My concern is to keep my employer's business and my personal business off of each other's systems. So if there's a requirement to use an app or to interact with company systems, then my employer needs to supply the equipment necessary to do that.
That being said, TOTP is practically standard and every phone have a method of generating their own TOTP so I don't mind adding employer's company to my BitWarden or Apple passwords. Same way I would not have problem to have SMS as a MFA.
Also it's gross, I hate giving out my number
If anyone is doing that in 2024, that is a warning sign.

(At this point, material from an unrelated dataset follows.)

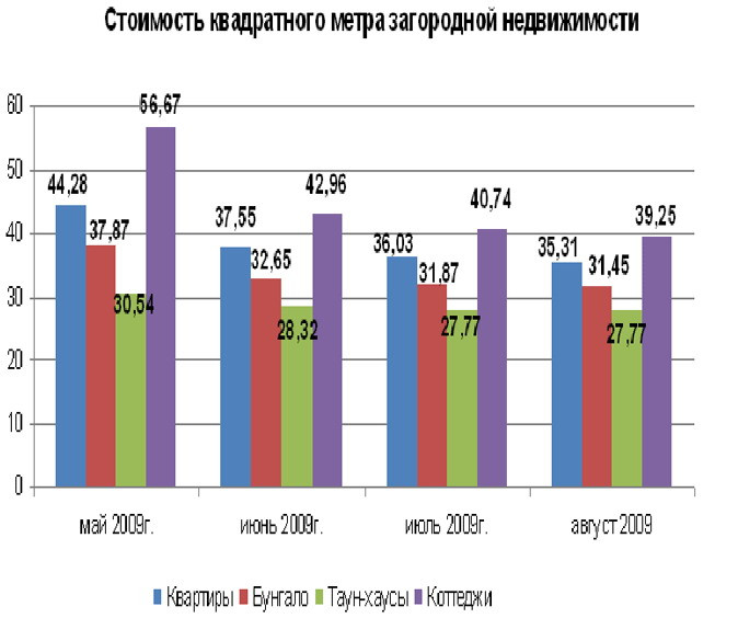 Согласно последним исследованиям аналитического отдела агентства «Рио-Люкс», стоимость квадратного метра загородной недвижимости можно проследить по графику.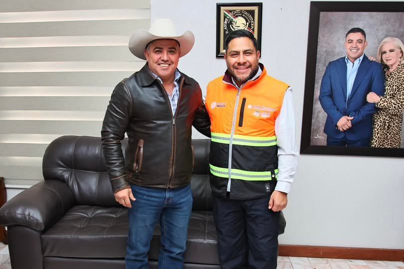 ***El alcalde de Sabinas “Chano” Díaz Iribarren, recibió a Tanech Sánchez, delegado de la SICT en Coahuila, con el anuncio del recarpeteo 25 kilómetros de la carretera 57, en el tramo Sabinas–Monclova…

I had them give me a phone. It sits on my desk. 99% of 9he time, it's used only for Microsoft Authenticator. (That does not count the seemingly endless "Scam Likely" calls I simply ignore.)
I work in Finland and in all the jobs I've hard for Finnish companies they've either offered to pay for a new phone for me, or offered to pay my phone bill if I kept my personal phone.
Generally I don't actually do anything work-related on my phone, I just use Duo and Okta apps for logins, and have a 2FA application for some site-specific logins.
The hassle of carrying an extra device, charging it, storing it and taking care of it is exactly that: a hassle.
But, do note that we were talking about a phone for 2FA and you're talking about a phone for on-call. I'm too senior for on-call, but I need 2FA daily.
That allows the line between self-owned work and employer-owned work to be thin/non-existent.
That can make it a lot easier for your employer to own your personal projects.
Don't do it. Don't use your corporate laptop for personal things, and don't use your personal equipment for corporate things.
If they want to use 2FA, they need to provide the 2FA device.
What’s that gonna achieve when entire firm has zero trust policy?
As a regular employee, I am just unlikely to refuse the employer's silent requirement to use my own device to log in into their systems. Hell, some companies have even started promoting BYOD (Bring Your Own Device), which is wrong on so many levels.
But yes, my policy is to absolutely never use personal devices for work, and vice versa. Complete and total separation. The laptop I use for work was paid for by my employer.
- Offer people a cell phone stipend, which the employee may or may not accept.
or:
- Issue a security key.
We choose to go with "We are issuing you a security key, bbbbuuuttt you can choose instead to use your phone at your discretion."
In the worst case I would be prepared to be fired over this issue.
Why should anyone "be grateful" for the salary they are owed? They fulfilled their side of the contract.
For that matter, why should employees have to waste their own salary if their employers can't afford a phone to run the apps they require? They should be looking around and getting ready to jump ship.
The whole time I thought: "I'm so glad I had the opportunity to go to college and get into this field".
But not once did I think, "I'm so glad my company is so gracious to pay me".
Yes, we are paid well for working in easy conditions, but it is commiserate to the value we provide due to the stuff in our heads. It's not because our companies are generous.